O que desejamos quando falamos de algo tão delicado? Ou quando sentamos ao lado de uma mãe faminta, alimentando seu bebê desnutrido, no meio de uma estrada em Roraima. Isso depois de cinco dias de viagem? Qual é o nosso papel ao ficar, junto dessa mesma mulher, sob a mira de uma arma, porque a polícia procurava traficantes naquele exato local, naquele preciso momento

Igo Estrela / Especial para o Metrópoles

A repórter Leilane Menezes ao lado de Gekidel e seus filhos, e da irmã dela, Joeli Monroe, minutos após a interrupção da polícia


O policial checou nossos documentos e seguiu sua procura. A moça alimentando o filho chama-se Gekidel Casanova, tem 21 anos.  Após a experiência assustadora, ela aceitou conversar com nossa equipe. A tensão num momento tão íntimo foi só o começo das dificuldades em solo brasileiro. As palavras que ela desejou dizer sobre si mesma e sua busca estão entre os relatos da reportagem.

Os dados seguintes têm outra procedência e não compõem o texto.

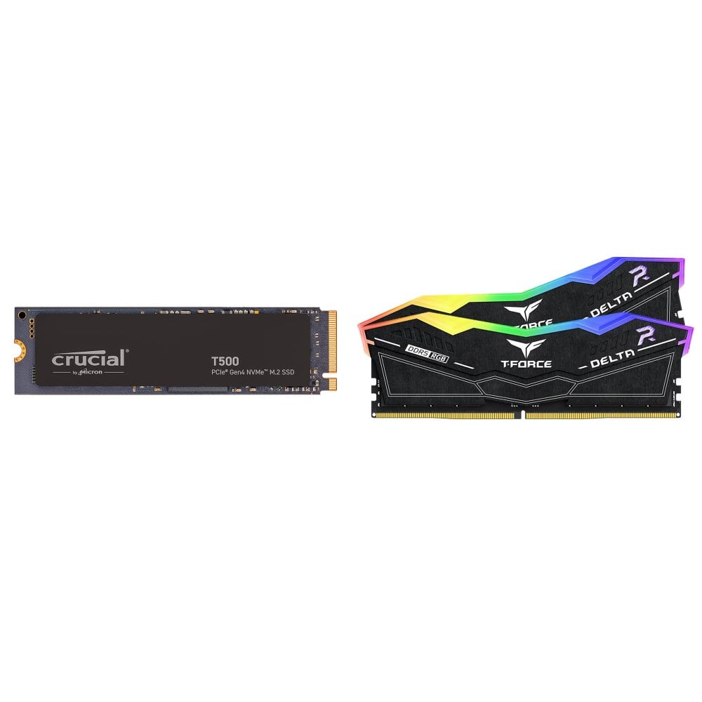 ☆期間限定★ 美光 Crucial T500 1TB M.2 PCIe 4.0 SSD+TEAM十銓T-Force DELTA RGB 6000 16G*2 黑 記憶體

O refúgio e a migração são tratados, geralmente, sem recorte de gênero. Assim, as necessidades específicas da condição feminina seguem ignoradas. Elas estão mais expostas à exploração sexual, à violência doméstica, ainda mais quando a “casa” é um abrigo com centenas de pessoas ou a rua. Essa invisibilidade limita o acesso a direitos e à proteção social adequada.

Reportagem, na minha avaliação pessoal, é ponte, conexão. Um ato, admito, de curiosidade, mas também repleto do desejo de dar mais eco a quem costuma ser resumido como “as mulheres refugiadas”, “as grávidas da maternidade de Boa Vista”, “putas do Caimbé (bairro de Boa Vista famosa pela prostituição)”.

Não cabe alguém inteiro em uma palavra: vagabunda, santa, bonita, feia, mãe, esposa, sozinha. Em Órfãs de terra-mãe, os depoimentos estão em primeira pessoa. Alguns são curtos, outros longos. Todos genuínos, como elas quiseram. Onde as palavras terminam, está a reprodução da assinatura original da protagonista.

Ao entrar no universo de cada uma, reconheci sensações: medo da violência sexual, temor de ser agredida, desrespeitada, incompreendida, menosprezada por ser mulher, o desejo de independência, a resiliência, a força. E também mirei o desconhecido: fome, dor de ser obrigada a deixar o país de origem,  medo de perder um filho. A soma do que os olhos alcançaram é reportagem. Todo o resto é vida intocável.